§ **Work item**
Without including any images, output the listing below exactly.
-*-
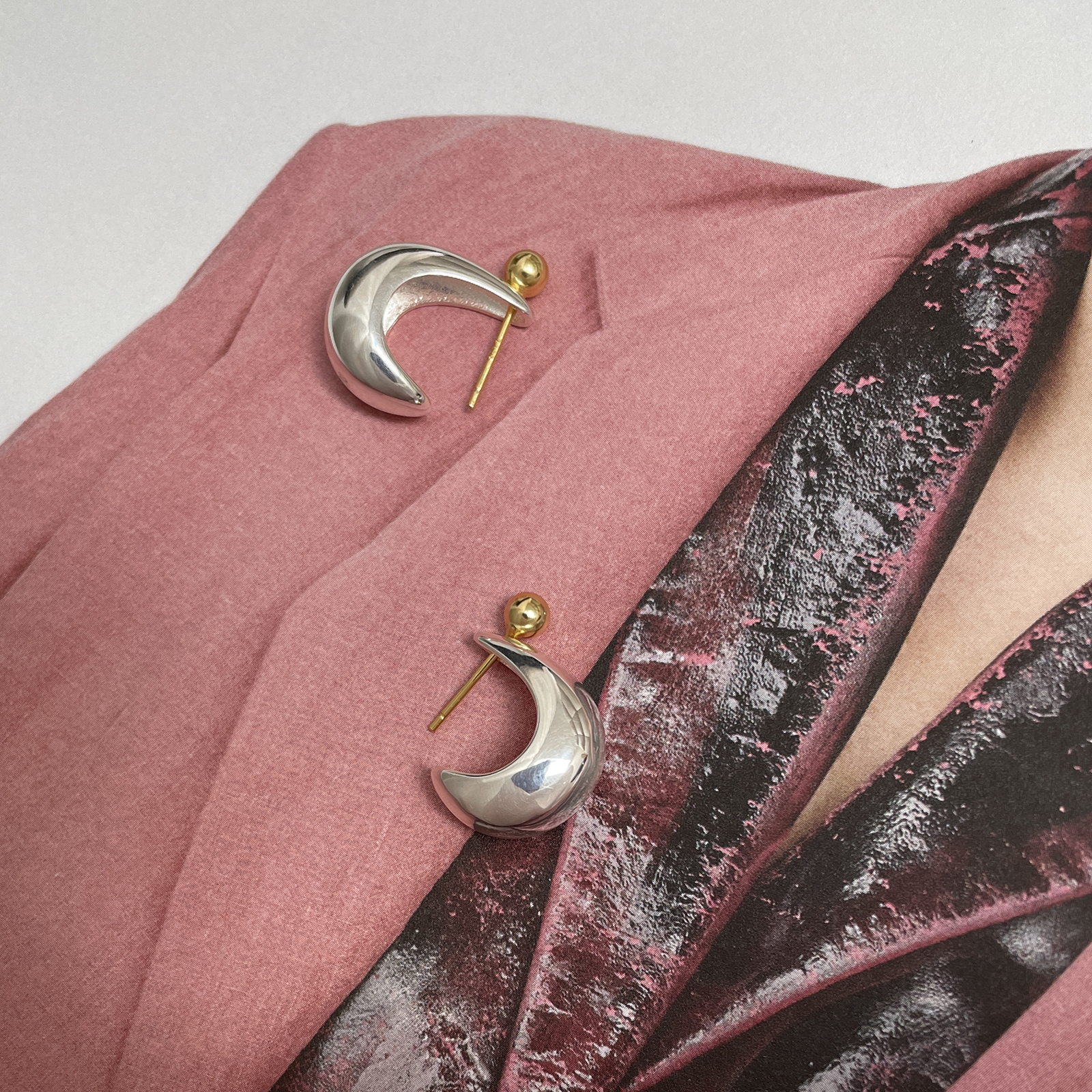 Introducing Leona Artsy Silver Bowl Earrings - a contemporary and timeless ear beauty for lovers of uniqueness and style. This design features a classic open bowl with a sleek curve and outline. The earrings are made in solid sterling silver with gold ear studs for an artsy combination of gold and silver. Precious white rhodium plating on the solid sterling silver also gives the earrings a brighter silver shine with an extra anti-tarnish protection. Perfect for style hunters who prefer something special and stay in trend all time. Hypoallergenic, nickel, lead, and cadmium free.
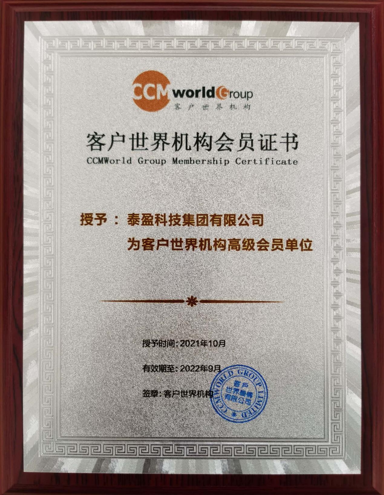 客户世界机构高级会员证书
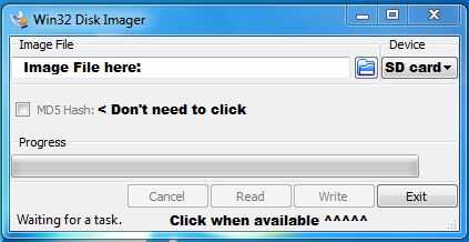 Que tienes una tarjeta SD y una manera de conectar a su PC. Enchufe en la tarjeta SD y conseguir a Windows32 Disk Imager (https://sourceforge.net/projects/win32diskimager/). Seleccione la unidad F: y el archivo .img para 8 Debian, Debian 7 o las otras imágenes de la NAND.
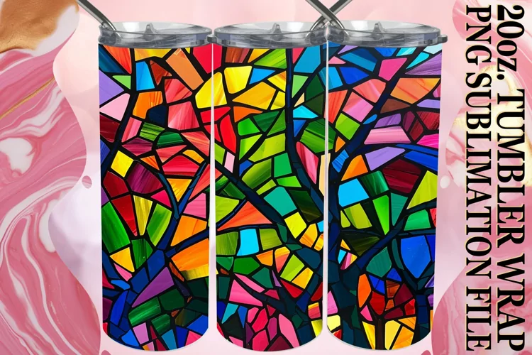 Stained Glass Tree Sublimation Wrap 20oz example image 1
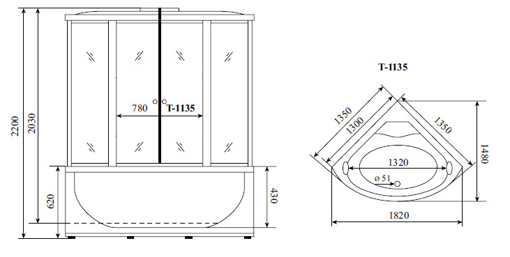 Душевая кабина Timo T-1135 135х135 высокий поддон
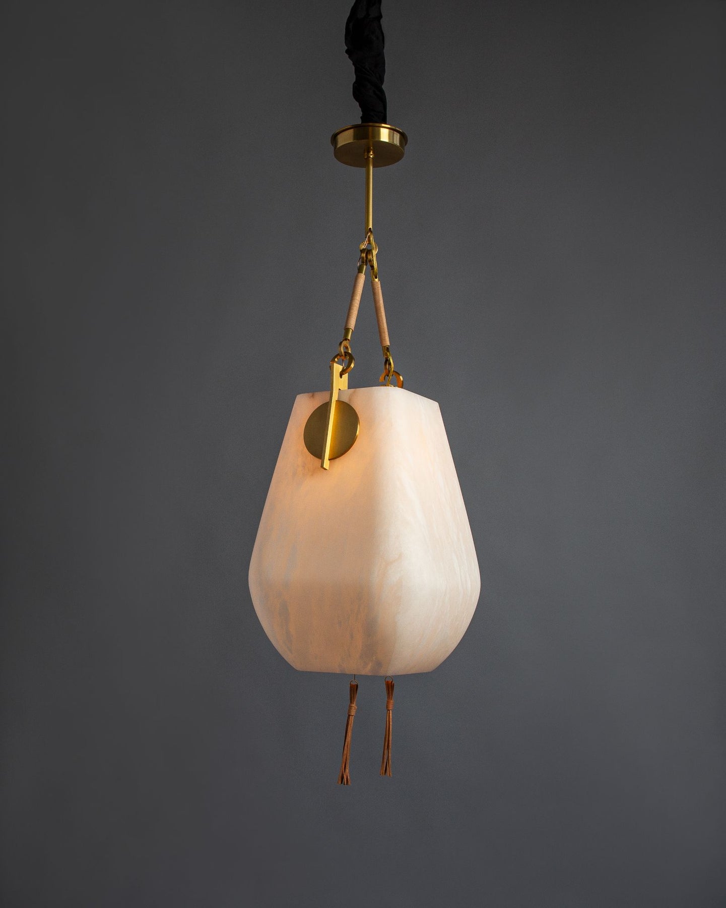 A hanging lantern with a hand-carved, veined white alabaster 'basket' shade, mounted with brass shields and suspended by slender hooks and a milled canopy. Each hook is wrapped in leather cord, and two leather tassels descend through an opening at the base of the alabaster shade. The fixture's design evokes the baskets woven by Ariadne to store grapes for the Greek god Dionysus. UL listed.
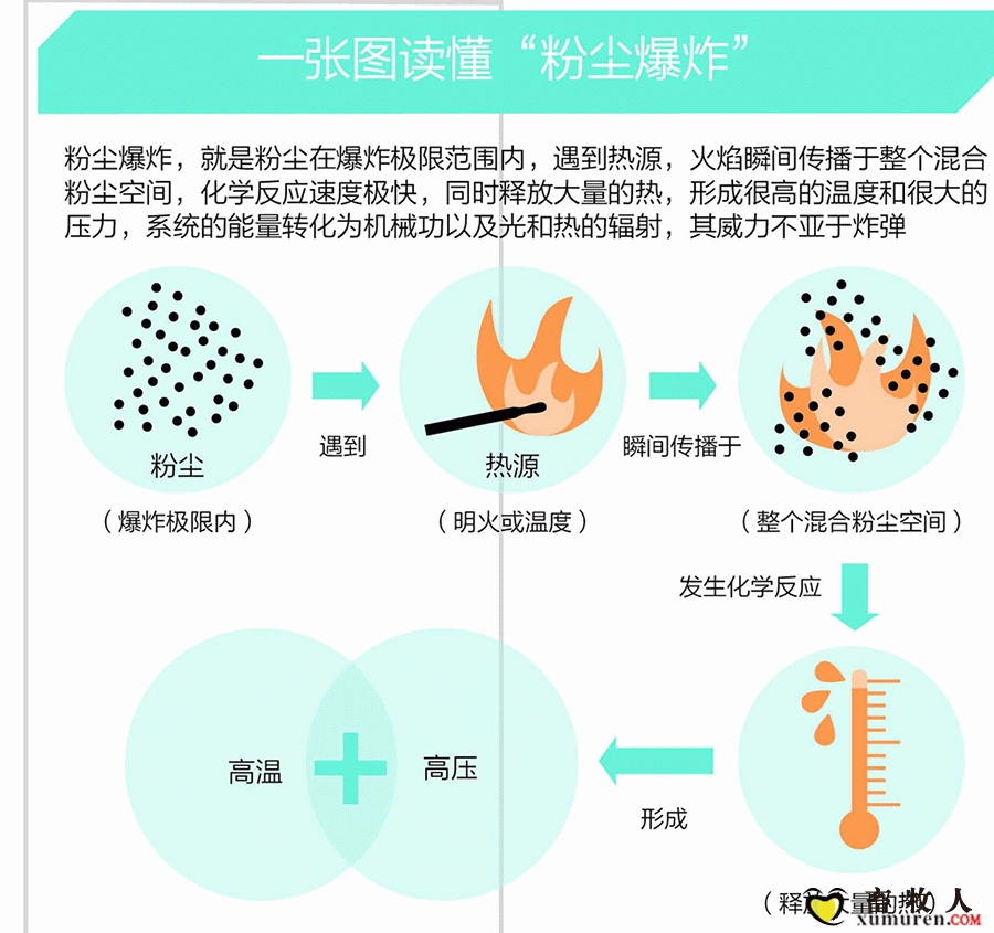 正文摘要:一張圖讀懂“粉塵爆炸” 粉塵為什么會發(fā)生爆炸? 原來是由于懸浮在空氣中的粉塵燃燒,而形成的高氣壓所造成的。專家指出,粉塵的表面積與同量的塊狀物質(zhì)相比要大得多,故容易著火。如果它懸浮在空氣中, ... |
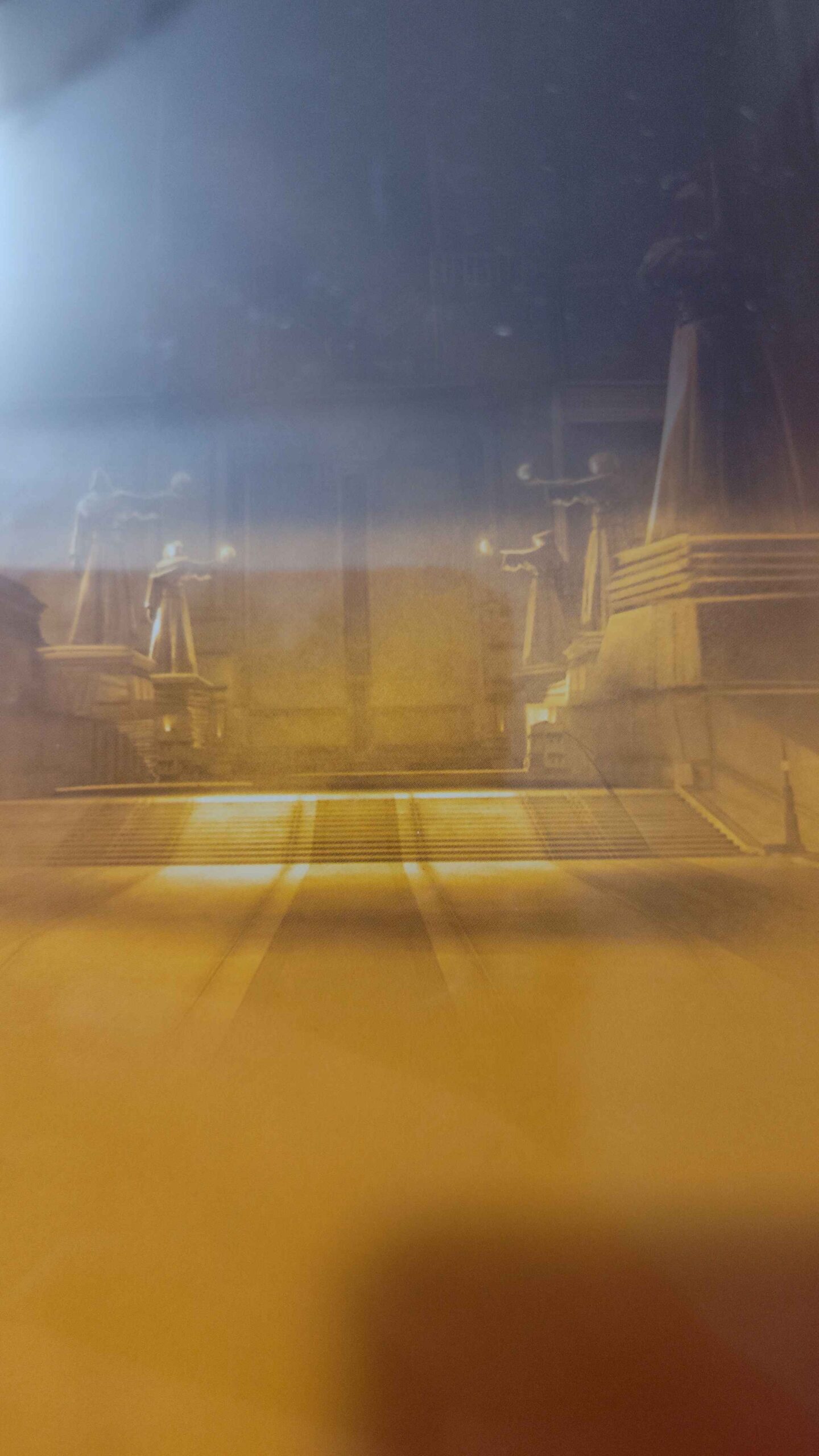 Within the interior of the box, there’s a backdrop of the Jedi Temple’s entrance with the statues that line the walkway.
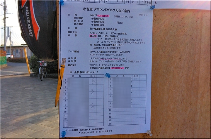 本日の朝、GGに出掛けますと、まずは掲示板を確認です。
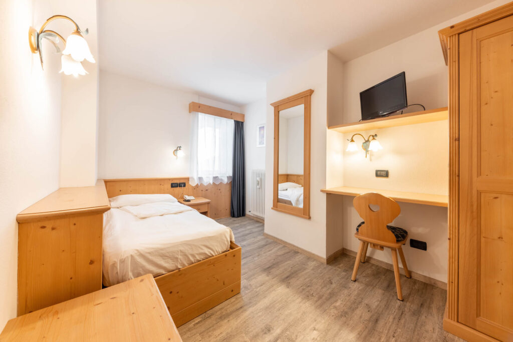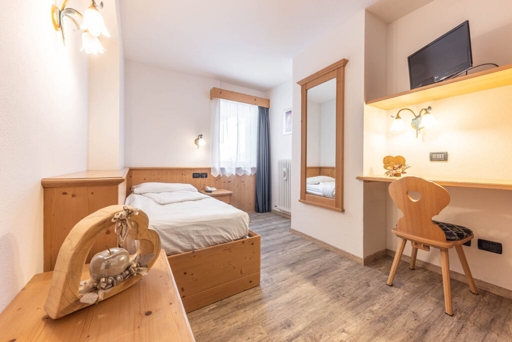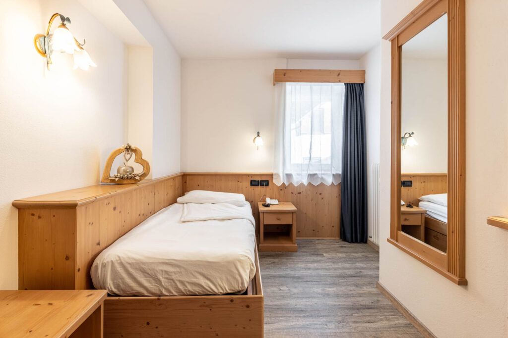 La camera singola è arredata in stile alpino, con legno a vista. Ha un letto singolo o un letto alla francese, ampie finestre e un bagno privato accessibile anche alle persone disabili.
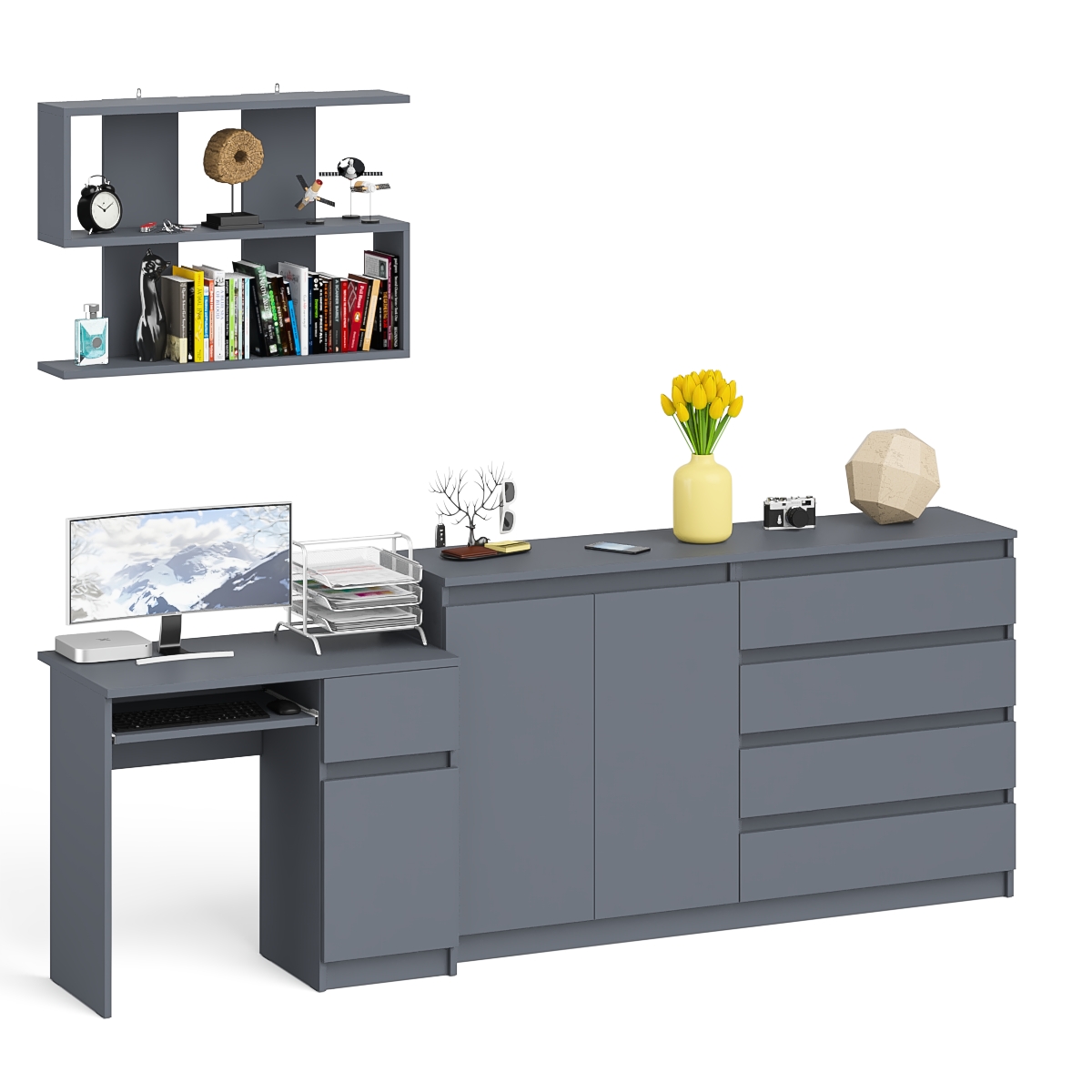 Комплектация включает стол Мори МС-1 правый компьютерный, комод широкий на четыре ящика и две дверки Мори МК1600.1 и навесную полку Плк-900.
-*-
§ **Result of the exercise**
 Introducing Leona Artsy Silver Bowl Earrings - a contemporary and timeless ear beauty for lovers of uniqueness and style. This design features a classic open bowl with a sleek curve and outline. The earrings are made in solid sterling silver with gold ear studs for an artsy combination of gold and silver. Precious white rhodium plating on the solid sterling silver also gives the earrings a brighter silver shine with an extra anti-tarnish protection. Perfect for style hunters who prefer something special and stay in trend all time. Hypoallergenic, nickel, lead, and cadmium free.
 客户世界机构高级会员证书
 Que tienes una tarjeta SD y una manera de conectar a su PC. Enchufe en la tarjeta SD y conseguir a Windows32 Disk Imager (https://sourceforge.net/projects/win32diskimager/). Seleccione la unidad F: y el archivo .img para 8 Debian, Debian 7 o las otras imágenes de la NAND.
 Stained Glass Tree Sublimation Wrap 20oz example image 1
 Душевая кабина Timo T-1135 135х135 высокий поддон
 A hanging lantern with a hand-carved, veined white alabaster 'basket' shade, mounted with brass shields and suspended by slender hooks and a milled canopy. Each hook is wrapped in leather cord, and two leather tassels descend through an opening at the base of the alabaster shade. The fixture's design evokes the baskets woven by Ariadne to store grapes for the Greek god Dionysus. UL listed.
 正文摘要:一張圖讀懂“粉塵爆炸” 粉塵為什么會發(fā)生爆炸? 原來是由于懸浮在空氣中的粉塵燃燒,而形成的高氣壓所造成的。專家指出,粉塵的表面積與同量的塊狀物質(zhì)相比要大得多,故容易著火。如果它懸浮在空氣中, ... |
 Within the interior of the box, there’s a backdrop of the Jedi Temple’s entrance with the statues that line the walkway.
 本日の朝、GGに出掛けますと、まずは掲示板を確認です。
 La camera singola è arredata in stile alpino, con legno a vista. Ha un letto singolo o un letto alla francese, ampie finestre e un bagno privato accessibile anche alle persone disabili.
 Комплектация включает стол Мори МС-1 правый компьютерный, комод широкий на четыре ящика и две дверки Мори МК1600.1 и навесную полку Плк-900.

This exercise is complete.